Data records
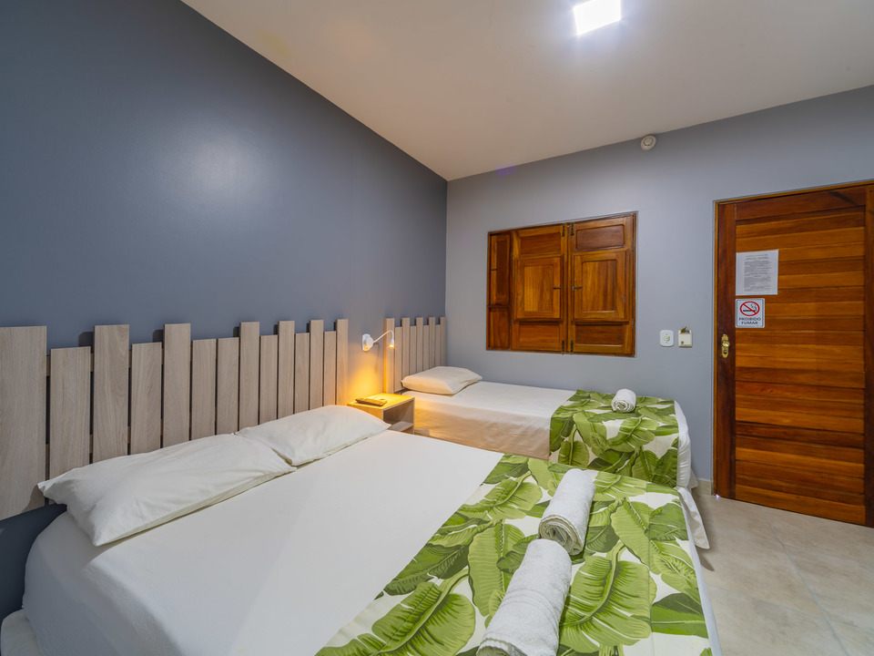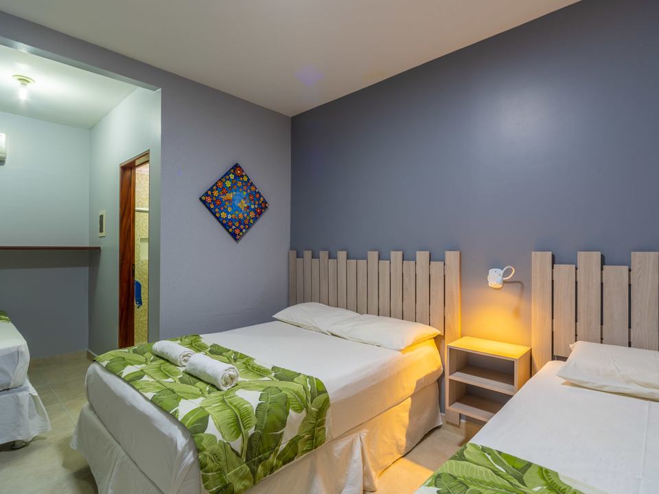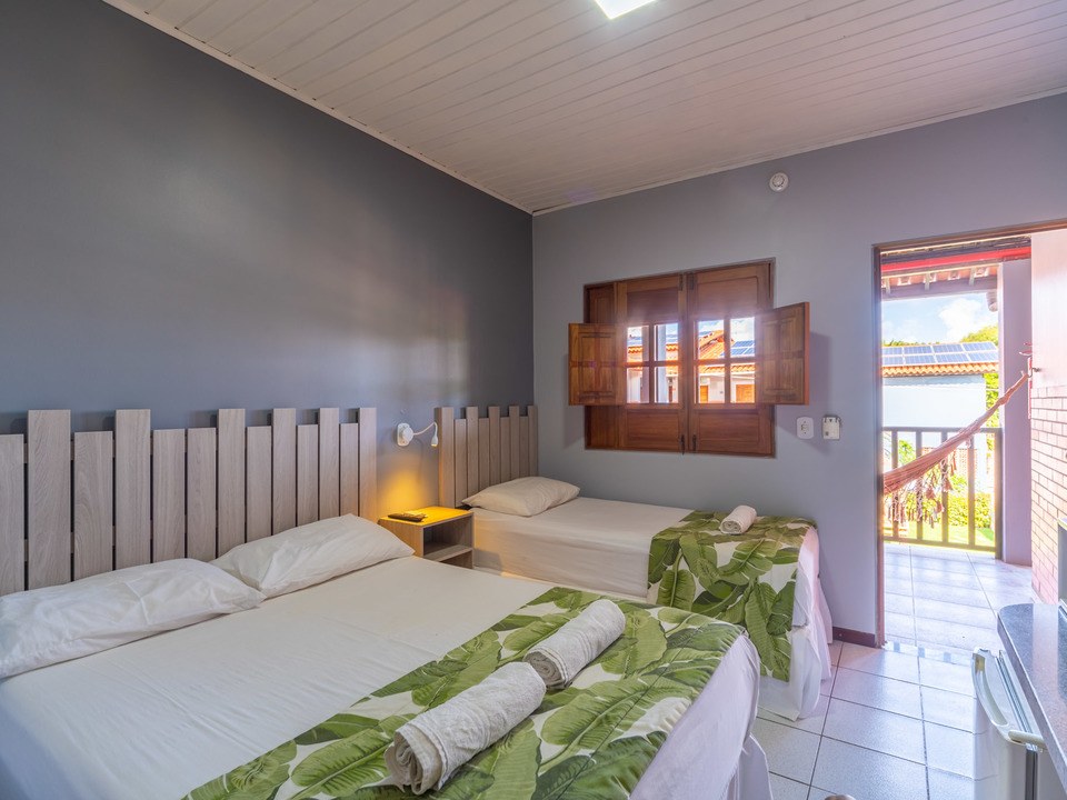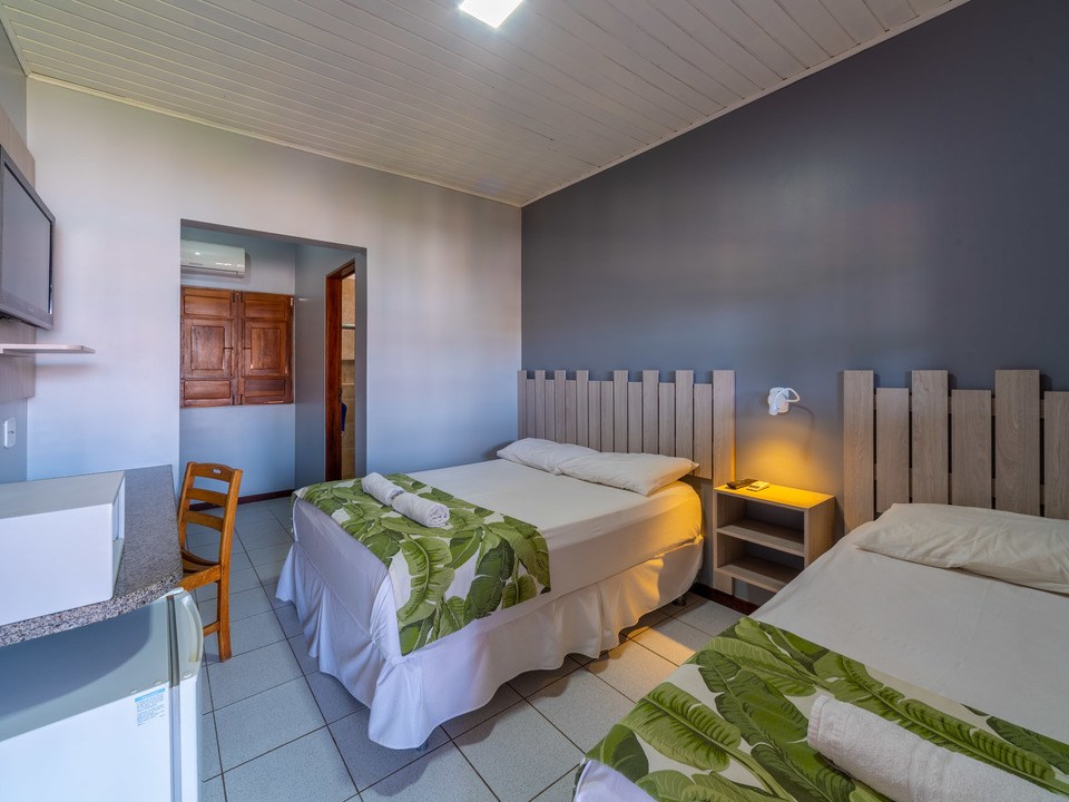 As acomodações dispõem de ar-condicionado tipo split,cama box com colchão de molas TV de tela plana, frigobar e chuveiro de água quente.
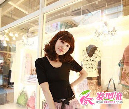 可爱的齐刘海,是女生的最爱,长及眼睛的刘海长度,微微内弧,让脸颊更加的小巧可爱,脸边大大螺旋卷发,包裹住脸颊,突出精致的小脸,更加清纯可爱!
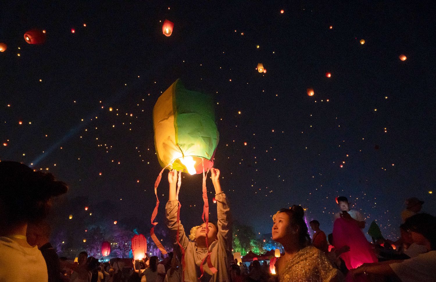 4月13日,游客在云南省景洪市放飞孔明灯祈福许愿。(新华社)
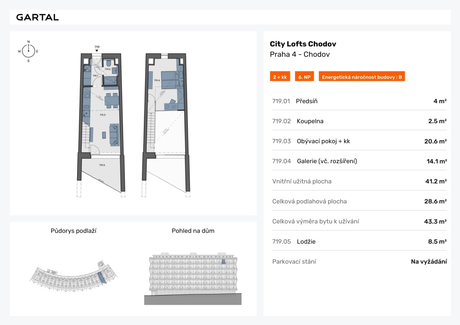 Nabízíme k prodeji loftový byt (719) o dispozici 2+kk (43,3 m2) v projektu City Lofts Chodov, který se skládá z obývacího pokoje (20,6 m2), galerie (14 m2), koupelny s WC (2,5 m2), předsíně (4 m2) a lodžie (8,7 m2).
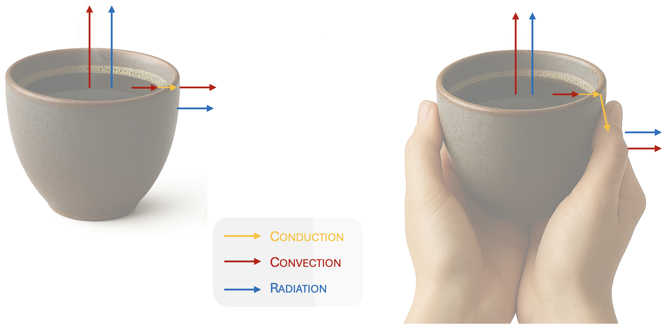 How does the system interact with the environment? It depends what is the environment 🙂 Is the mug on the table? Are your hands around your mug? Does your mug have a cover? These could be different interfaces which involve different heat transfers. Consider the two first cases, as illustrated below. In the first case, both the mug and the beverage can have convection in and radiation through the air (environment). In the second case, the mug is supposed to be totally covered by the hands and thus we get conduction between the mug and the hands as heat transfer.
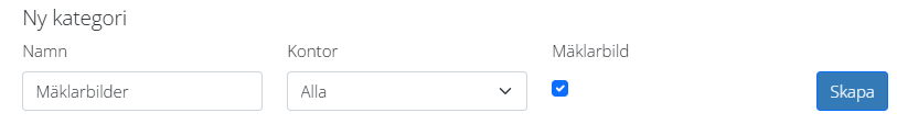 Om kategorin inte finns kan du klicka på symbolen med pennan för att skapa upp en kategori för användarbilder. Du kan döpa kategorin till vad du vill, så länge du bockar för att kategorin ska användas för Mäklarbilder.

Task brief -
When you print the records above, keep them exact and leave out the pictures.

Written solution -
 As acomodações dispõem de ar-condicionado tipo split,cama box com colchão de molas TV de tela plana, frigobar e chuveiro de água quente.
 可爱的齐刘海,是女生的最爱,长及眼睛的刘海长度,微微内弧,让脸颊更加的小巧可爱,脸边大大螺旋卷发,包裹住脸颊,突出精致的小脸,更加清纯可爱!
 4月13日,游客在云南省景洪市放飞孔明灯祈福许愿。(新华社)
 Nabízíme k prodeji loftový byt (719) o dispozici 2+kk (43,3 m2) v projektu City Lofts Chodov, který se skládá z obývacího pokoje (20,6 m2), galerie (14 m2), koupelny s WC (2,5 m2), předsíně (4 m2) a lodžie (8,7 m2).
 How does the system interact with the environment? It depends what is the environment 🙂 Is the mug on the table? Are your hands around your mug? Does your mug have a cover? These could be different interfaces which involve different heat transfers. Consider the two first cases, as illustrated below. In the first case, both the mug and the beverage can have convection in and radiation through the air (environment). In the second case, the mug is supposed to be totally covered by the hands and thus we get conduction between the mug and the hands as heat transfer.
 Om kategorin inte finns kan du klicka på symbolen med pennan för att skapa upp en kategori för användarbilder. Du kan döpa kategorin till vad du vill, så länge du bockar för att kategorin ska användas för Mäklarbilder.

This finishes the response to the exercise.